*** Opening Supplied entries ***
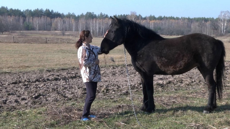 Ірина зі своїм конем у Ясній Поляні у листопаді 2021 року. ФОТО: Суспільне Чернігів
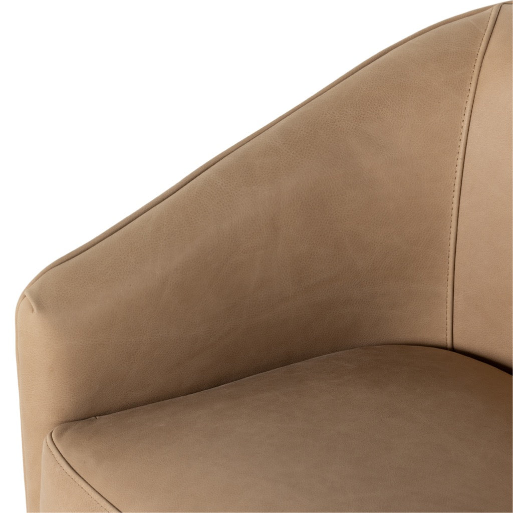 Well-tailored and stylistically unique, thick-cut nude top-grain leather lends a high-fashion feel to a cleverly constructed three-legged design, great for daily dining and dinner parties alike.
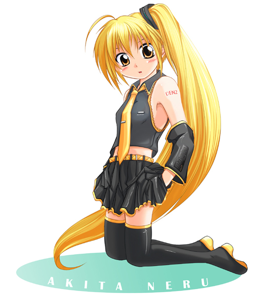 1girlblonde hairdetached sleevesfemale focuslong hairmidriffnecktieponytailskirtsolothighhighsyellow eyesyellow necktiezettai ryouiki
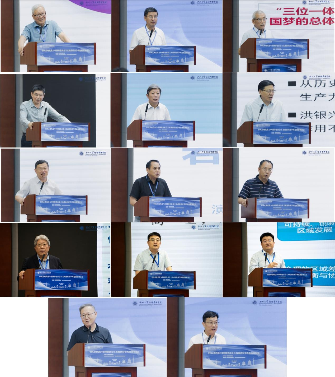 在下半场主旨演讲中,南京大学范从来教授以“关于新质生产力新质态的初步思考”为题、山东大学臧旭恒教授以“共同富裕与中国家庭经济风险的防范和化解”为题、中国社会科学院侯为民教授以“新质生产力生成路径的若干理解”为题、复旦大学周文教授以“新质生产力的理论意义”为题、辽宁大学谢地教授以“我国新型工业化赋能逻辑”为题、北京大学张辉教授以“发展新质生产力的条件、方向和原则”为题、yl7703永利集团吴振磊教授以“数字化驱动区域高质量发展的逻辑”为题,发表了精彩演讲。该阶段主旨演讲由浙江财经大学卢新波教授主持。
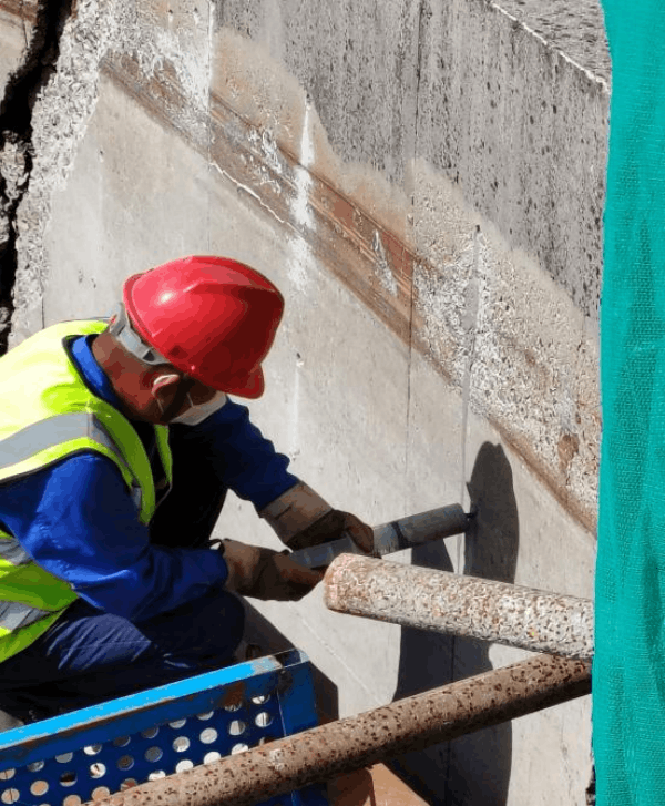 温柔的“破拆专家”:在对导流墙的拆除作业中,摒弃了传统爆破方式,转而采用静力破碎技术。相较于传统爆破“震天动地”的作业方式,这种“无声破拆”通过将特制的静力破碎剂注入混凝土的裂缝中,利用药剂固化膨胀产生的压力,使结构物缓慢、安全地破碎。施工过程中,无震动、无飞石、低噪音的特点,不仅降低了对周边环境的影响,还极大降低了安全风险,真正实现安全与环保双赢。
*** Closing Supplied entries ***
**About this task**
Retype each line above precisely, please. Skip anything that is a picture.

**Answer section**
 Ірина зі своїм конем у Ясній Поляні у листопаді 2021 року. ФОТО: Суспільне Чернігів
 Well-tailored and stylistically unique, thick-cut nude top-grain leather lends a high-fashion feel to a cleverly constructed three-legged design, great for daily dining and dinner parties alike.
 1girlblonde hairdetached sleevesfemale focuslong hairmidriffnecktieponytailskirtsolothighhighsyellow eyesyellow necktiezettai ryouiki
 在下半场主旨演讲中,南京大学范从来教授以“关于新质生产力新质态的初步思考”为题、山东大学臧旭恒教授以“共同富裕与中国家庭经济风险的防范和化解”为题、中国社会科学院侯为民教授以“新质生产力生成路径的若干理解”为题、复旦大学周文教授以“新质生产力的理论意义”为题、辽宁大学谢地教授以“我国新型工业化赋能逻辑”为题、北京大学张辉教授以“发展新质生产力的条件、方向和原则”为题、yl7703永利集团吴振磊教授以“数字化驱动区域高质量发展的逻辑”为题,发表了精彩演讲。该阶段主旨演讲由浙江财经大学卢新波教授主持。
 温柔的“破拆专家”:在对导流墙的拆除作业中,摒弃了传统爆破方式,转而采用静力破碎技术。相较于传统爆破“震天动地”的作业方式,这种“无声破拆”通过将特制的静力破碎剂注入混凝土的裂缝中,利用药剂固化膨胀产生的压力,使结构物缓慢、安全地破碎。施工过程中,无震动、无飞石、低噪音的特点,不仅降低了对周边环境的影响,还极大降低了安全风险,真正实现安全与环保双赢。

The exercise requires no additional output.